Background: CT1812 is a first-in-class, sigma-2 receptor ligand, that prevents and displaces binding of amyloid beta (Aβ) oligomers. Normalization of quantitative electroencephalography (qEEG) markers suggests that CT1812 protects synapses from Aβ oligomer toxicity.
Objectives: Evaluate CT1812 impact on synaptic function using qEEG measurements.
Design: Phase 2, randomized, double-blind, placebo-controlled, 4-week crossover study.
Setting: VU University Medical Center and Brain Research Center Amsterdam, The Netherlands.
Participants: Adults with mild or moderate Alzheimer's disease (AD).
Intervention: A daily 300 mg dose of CT1812 or placebo for 4 weeks.

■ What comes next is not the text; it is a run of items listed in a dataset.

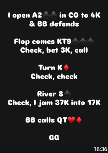 On the second buy-in, I lost a big hand with A9<T9 on 87654♥️♥️♦️♦️♣️ , then in the Turbo Flight, I 4-bet jammed K7s and got called by 99.
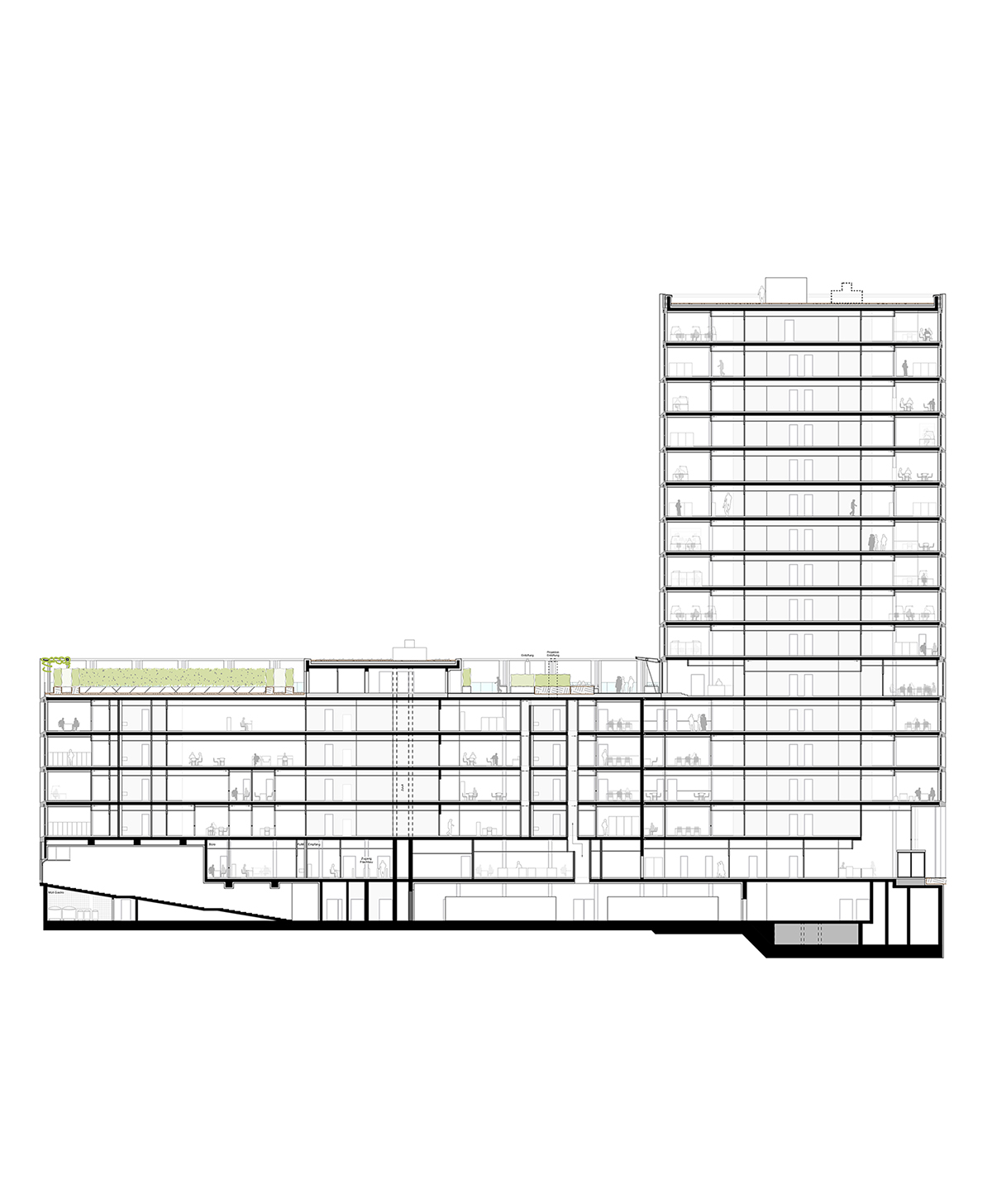 Der Gebäudeabschluss erfolgt im Hochhaus über ein zusammengefasstes Doppelgeschoss als `Stadtkrone´.
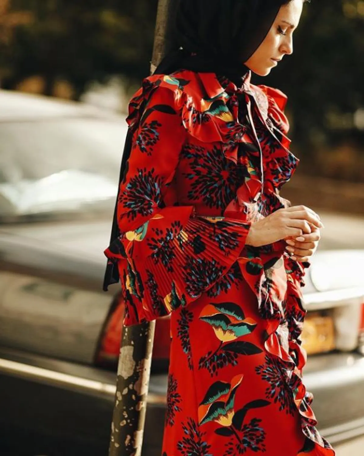 المعطف الكاروهات مع الفستان المطبع بالورود، لاطلالة مثالية من أزياء الشارع
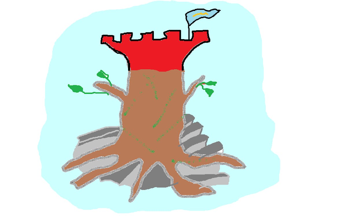 Met zessen staan jullie paraat om de burcht te bestormen. De boom is de imaginaire toren die moet beklommen worden. Elke wortel is een trede.

Measurements: A resting-state, eyes closed qEEG assessment occurred on Day 1 and on Day 29 of Treatment Periods 1 and 2, and at follow-up. The primary endpoint was global relative theta power (4-8 Hz), along with secondary EEG measures including global alpha corrected Amplitude Envelope Correlation (AEC-c). Cognitive and functional assessments, fluid biomarkers, and safety and tolerability were assessed.
Results: 16 patients were randomized, and 15 completed. A non-significant (p=0.123) but consistent reduction occurred in global relative theta power and in relative theta power in frontal, temporal, parietal, occipital and central (p<0.006) brain regions with CT1812. A nominally significant (p=0.034) improvement was observed in global alpha AEC-c. Adverse events occurred in 11 patients with CT1812 and 6 with placebo - most commonly nausea, diarrhea, and procedural headache. No severe or serious AEs, deaths or discontinuations were reported.
Conclusion: CT1812 improved established EEG markers of spontaneous brain activity (spectral power, functional connectivity) in patients with mild-to-moderate AD, suggesting improved neuronal/synaptic function within a 4-week timespan.
Keywords: Alzheimer’s disease; Aβ oligomer; CT1812; quantitative electroencephalogram; sigma-2 receptor modulator.